Human ACE2 established 4 hydrophobic interactions, 19 hydrogen bonds, three ionic interactions, two aromatic-aromatic and one aromatic-sulfur interaction with the RBD of the SARS-CoV-2 S protein (Figure 3A, Supplementary Table 1). The most important interactions observed were between Asp³⁰, Glu³⁷, Lys³⁵³, and Asp³⁸ of human ACE2 and residues Lys⁴¹⁷, Tyr⁵⁰⁵, Asn⁵⁰¹ and Tyr⁴⁴⁹ of viral RBD, with interaction energies of -10.93, -9.36, -7.99 and -7.07 kcal.mol^-1, respectively (Figure 3A, Supplementary Table 2). Human ACE2-viral RBD interactions were used as a control for the comparative analysis of animal ACE2-SARS-CoV-2 RBD interactions. The interactions of residues between the other ACE2 animals with SARS-CoV-2 RBD and the human ACE2 with SARS-CoV-2 RBD varied significantly. In Figure 3, the main ACE2 residues involved in the interaction with Spike are highlighted in red, and all residues' interaction energy are presented in the Supplementary Tables.

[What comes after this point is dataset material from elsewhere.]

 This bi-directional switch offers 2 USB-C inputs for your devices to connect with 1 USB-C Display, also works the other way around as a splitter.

Global energy of interactions between ACE2 of different animal species & SARS-CoV-2 RBD

The greatest variations in the interaction energies between animal ACE2 and SARS-CoV-2 protein S RBD were observed at a distance of up to 6 Å, with an energy convergence indicating that amino acid residues with a distance greater than 8 Å will contribute less to the interaction energy. The values of the total energy of interaction between animal ACE2 and viral RBD were -186.26, -182.58, -175.07, -172.85, -171.00, -163.84, -161.23, -160.82, -154.71, -150.11, -149.56 and -143.19 kcal.mol^-1 for S. apella, R. sinicus, G. gorilla gorilla, C. lanigera, A. nancymaae, P. paniscus, N. vison, S. bilineata, H. sapiens, M. nemestrina, N. meleagris and E. allecto, respectively (Figure 4).

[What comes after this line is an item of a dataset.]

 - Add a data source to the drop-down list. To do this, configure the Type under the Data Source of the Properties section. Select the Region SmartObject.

Figure 4. **SARS-CoV-2 RBD and ACE2 total interaction energy as a function of interaction and distance.**

Eight of the 11 evaluated animals presented higher energy of interaction between ACE2 and viral RBD than that observed for H. sapiens. This finding suggests that the ACE2 of S. apella, R. sinicus, G. gorilla gorilla, C. lanigera, A. nancymaae, P. paniscus, N. vison, S. bilineata has a stronger interaction with SARS-CoV-2 RBD than that of human ACE2. To understand this difference, these animals' sequences and structures of ACE2 were analyzed and compared with human ACE2.

Amino acid sequence comparison between human ACE2 & ACE2 of other animals

The results obtained from molecular docking and dynamics associated with quantum biochemical analysis revealed the ACE2 residues that formed the complex between human ACE2 and RBD of SARS-CoV-2 S protein. Thus, we performed an alignment of all sequences to evaluate the presence of these residues in the ACE2 of the analyzed animal species (Figure 5A). Phe³², Asn³³, Ala³⁶, Glu³⁷, Asp³⁵⁵ and Arg³⁵⁷ were the residues conserved among the 11 animal species with high potential of interaction with SARS-CoV-2 when compared with the human ACE2.

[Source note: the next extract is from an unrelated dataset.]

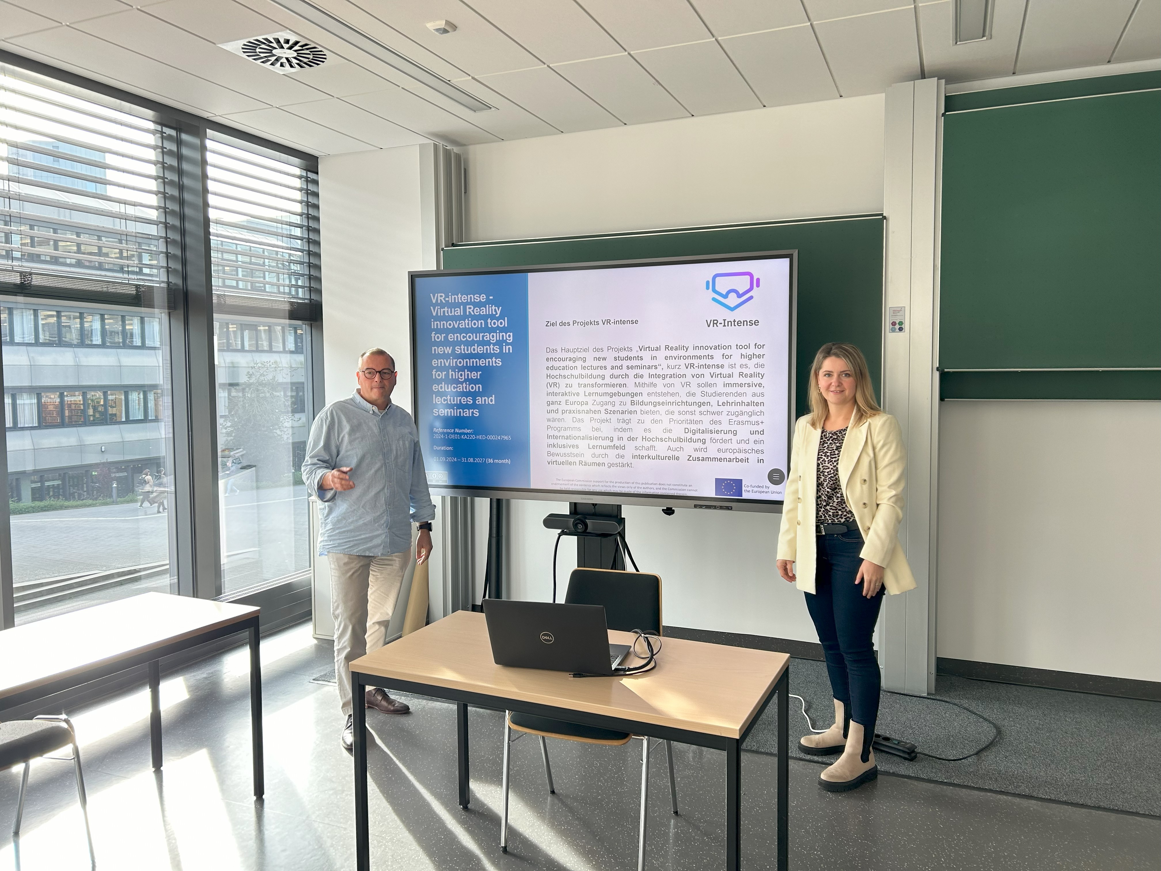 Die Projektpartner*innen arbeiten gemeinsam an der Programmierung, Implementierung und Evaluation einer VR-Umgebung, die „Blended Learning“, bei dem die analoge auf die virtuelle Lernwelt trifft, und digitale Medien kombiniert. Es sollen nachhaltige und übertragbare Strategien für den Einsatz von VR in der Hochschulbildung entstehen. Ein besonderes Augenmerk liegt dabei auf der Entwicklung von VR-Tools für Exkursionen und der europaweiten, kollaborativen Zusammenarbeit in virtuellen Räumen. „Mit VR-intense möchten wir die Hochschulbildung auf ein neues Level heben“, erklärt Beutner. „Durch die Kombination von Virtual Reality und Blended Learning wollen wir Studierende in ganz Europa begeistern und ihnen neue, interaktive Lernerfahrungen ermöglichen.“

Figure 5. **Critical variable sites in animals ACE2 protein in the interaction with RBD SARS-CoV-2.**

For Asp³⁰, the alignment showed that only N. vison and N. meleagris have different amino acid residues, which were Glu³⁰ and Ala³⁰, respectively (Figure 5). The substitution of Asp³⁰ with Glu³⁰ and Ala³⁰ leads to differences in energy in that position. Asp³⁰ (H. sapiens) has an energy interaction of -13.90 kcal.mol^-1, whereas Glu³⁰ (N. vison) and Ala³⁰ (N. meleagris) have -13.94 and -3.01 kcal.mol^-1, respectively (Figure 5B). For human Lys³¹ (-12.88 kcal.mol^-1), three animals have different amino acid residues in this position, but only C. lanigera and N. meleagris presented relevant differences in the energy of interactions, -7.13 and -8.62 kcal.mol^-1, respectively. The substitution of His³⁴ to Glu³⁴ in C. lanigera strength energy in this position, for Lys³⁵ improves the energy interaction in R. sinicus almost threefold change compared with H. sapiens.

As for Asp³⁸ in human ACE2, the species E. allecto, S. bilineata, and N. vison have different residues at the same position, as follows: Ser³⁸ (E. allecto), Glu³⁸ (S. bilineata), and Gln³⁸ (N. vison) (Figure 5A and B), with the resulting energy of interaction of -0.84, -8.84, and -10.58, respectively, whereas Asp³⁸ in human ACE2 has an energy of -9.11 kcal.mol^-1. The residue Lys³⁵³ is an important amino acid for interactions between RBD:ACE2, and it is conserved in the analyzed species, except for the E. allecto, which has a different residue (Asn³⁵³) (Figure 5). In Figure 5C, it is possible to notice the hotspot residues contribution for the interaction energies. There are no significant differences in the median of interaction energy among the animals. The 353 and 31 residues were the most important energetic contributors to interaction and stabilization between the RBD and ACE2 (Figure 5C, red dots).

Structural aspects of ACE2 of animals

As expected, the structural alignment of human ACE2 with that of the analyzed animals revealed structural differences. The RMSD analysis was used, which calculates the atomic position, producing a score of differences between structures. The animals with the most different ACE2 compared with the human protein are E. alecto, S. bilineata, and N. meleagris with RMSD values of 1.108, 0.457, 0.423, respectively (Supplementary Figure 1). In contrast, M. nemestrina, G. gorilla and P. paniscus have the most similar ACE2 structure to that of human ACE2 with RMSD values of 0.129, 0.162, and 0.168, respectively (Supplementary Figure 1).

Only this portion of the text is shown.